Le novità. Cambia la composizione demografica della provincia e cambiano anche il numero e le composizioni dei distretti elettorali. Alle scorse elezioni del 2014 i seggi a disposizione erano 107, con l’imperativo categorico per i partiti di arrivare a quota 54 per assicurarsi la maggioranza assoluta a Queen’s Park. Nel 2018, invece, i seggi in palio saranno 122, ben 15 in più: chi punta ad avere un governo di maggioranza nell’assemblea legislativa provinciale, dovrà per forza di cose raggiungere il numero magico 62.
Un’altra sostanziale differenza rispetto al passato è rappresentata dalla rivoluzione sul finanziamento ai partiti. A partire dallo scorso gennaio, il governo ha messo al bando le donazioni ai partiti politici da parte delle grandi aziende e dei sindacati, prassi che invece prima era permessa. In vista di queste elezioni saranno permesse, quindi, solamente donazioni personali che però non potranno superare i 3.600 dollari all’anno.
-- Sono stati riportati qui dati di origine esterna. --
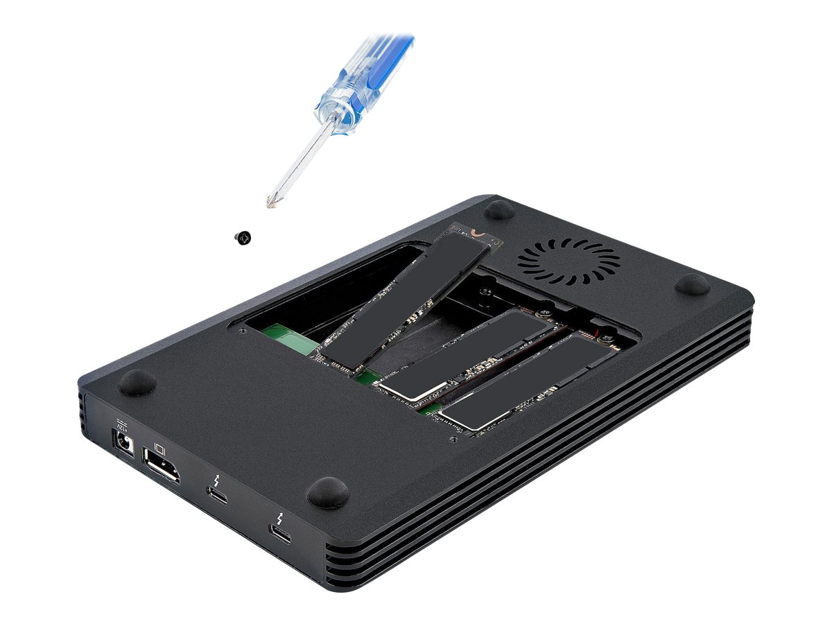 | Produktbeskrivelse | Startech 4 Bay Thunderbolt 3 NVMe Enclosure, For M.2 NVMe Solid State Drives, 1x DisplayPort Video & 2x TB3 Downstream Ports, Up to 40Gbps, 72W Power Supply - 4 Bay M.2 SSD External Hard Drive Enclosure (M2E4BTB3) - lagringspakning - M.2 NVMe Card / PCIe (NVMe) - Thunderbolt 3 |
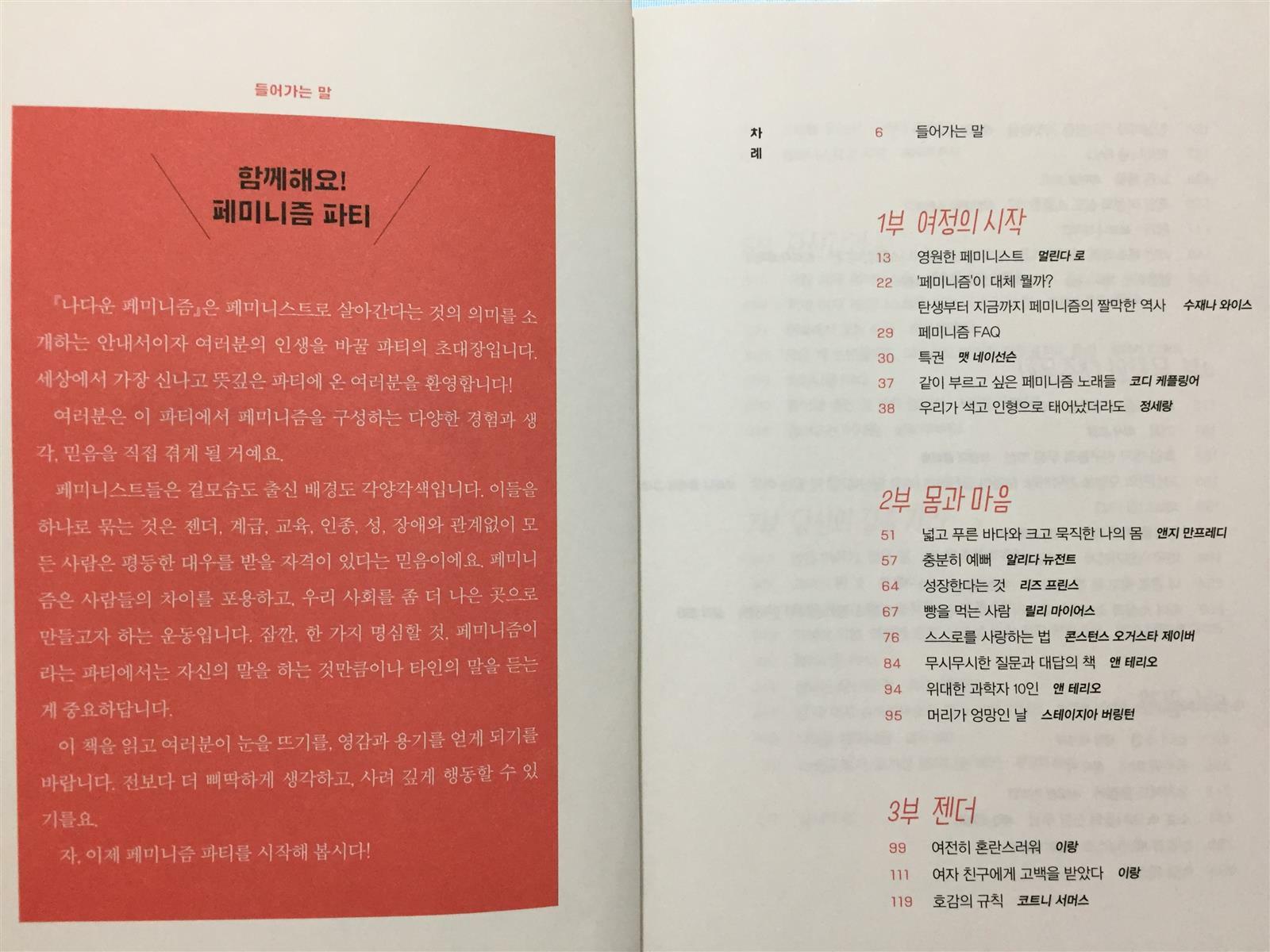 대한민국에서 남성으로 살면서 여성들보다 많은 혜택을 받으면서 살아왔구나 생각을 하고 있습니다. 그리고 내 딸을 위해서라도 여성이라고 해서 차별받지 않는 세상을 꿈꿉니다. 남녀 평등이 이루어지는 세상을 꿈꿉니다. 아내와 집안 일을 같이 한다고, 육아을 같이 한다고 한순간에 이뤄지는 것이 아닌 것을 압니다. 아직도 같이 하는 것이 아니라 ‘일을 돕는다’라는 생각이 조금 이라도 자리 잡고 있기 때문입니다. 이때 마흔 네명이 ‘자신이 생각하는 페미니즘’을, 페미니즘으로의 초대장을 보내왔습니다.

Il nuovo modello, tuttavia, ha attivato una nuova forma di entrata per la politica, quella del finanziamento pubblico: ogni partito, in sostanza, riceve annualmente 2.71 dollari per ogni voto ricevuto nella precedente consultazione elettorale.
Il Partito Liberale. I liberali in Ontario sono al potere dal 2003, quando l’allora leader del partito Dalton McGuinty sconfisse alle elezioni il conservatore Ernie Eves e il neodemocratico Howard Hampton. Da allora i grit hanno vinto le elezioni del 2007, del 2011 e del 2014, queste ultime sotto la guida di Kathleen Wynne. Il partito della premier, dopo un periodo difficile nei sondaggi, è tornato prepotentemente in corsa per la riconferma nel 2018 e questa anche grazie a un evidente cambio di marcia nell’azione di governo che ha portato all’approvazione del pharmacare universale per gli under 24, alla riforma del lavoro con la paga minima a 15 dollari all’ora dal 2019, all’assistenza all’infanzia universale, al taglio delle costi energetici per le famiglie del 25 per cento e al pacchetto di misure per raffreddare il mercato immobiliare nella Gta. Il rischio principale per la premier è che l’elettorato dell’Ontario, dopo quasi 15 anni di governo liberale, possa optare per un fisiologico cambiamento nel nome del principio dell’alternanza.
Il Progressive Conservative. Ed è proprio sulla possibile voglia di cambiamento degli elettori che Brown vuole fare leva per arrivare al potere. Negli ultimi mesi i sondaggi lo danno come candidato premier da battere, anche se resta da stabilire quale sarà l’impatto in termini di consenso delle ultime riforme dell’esecutivo liberale. Per i conservatori il rischio principale è rappresentato, almeno per ora, da una disarmante pochezza programmatica - basta pensare che, dopo mesi di polemiche, Brown non ha ancora presentato la sua alternativa al piano energetico delle premier, mentre il suo giudizio sulla riforma della paga minima è stato un interlocutorio “vedremo” - dalle polemiche sulle nomination contrastate e dalla presenza di alcuni candidati francamente impresentabili nominati grazie al passo indietro dei loro avversari.
L’Ndp. Nell’area progressista Andrea Horwath cerca di rinserrare le fila e di rimettere le mani nella piattaforma programmatica del partito, dopo essere stata scavalcata a sinistra dal governo sulla rivoluzione dei farmaci e sulla paga minima. Per ora i sondaggi sono abbastanza incoraggianti, ma il rischio principale è che l’elettorato di centrosinistra finisca per premiare le riforme della Wynne.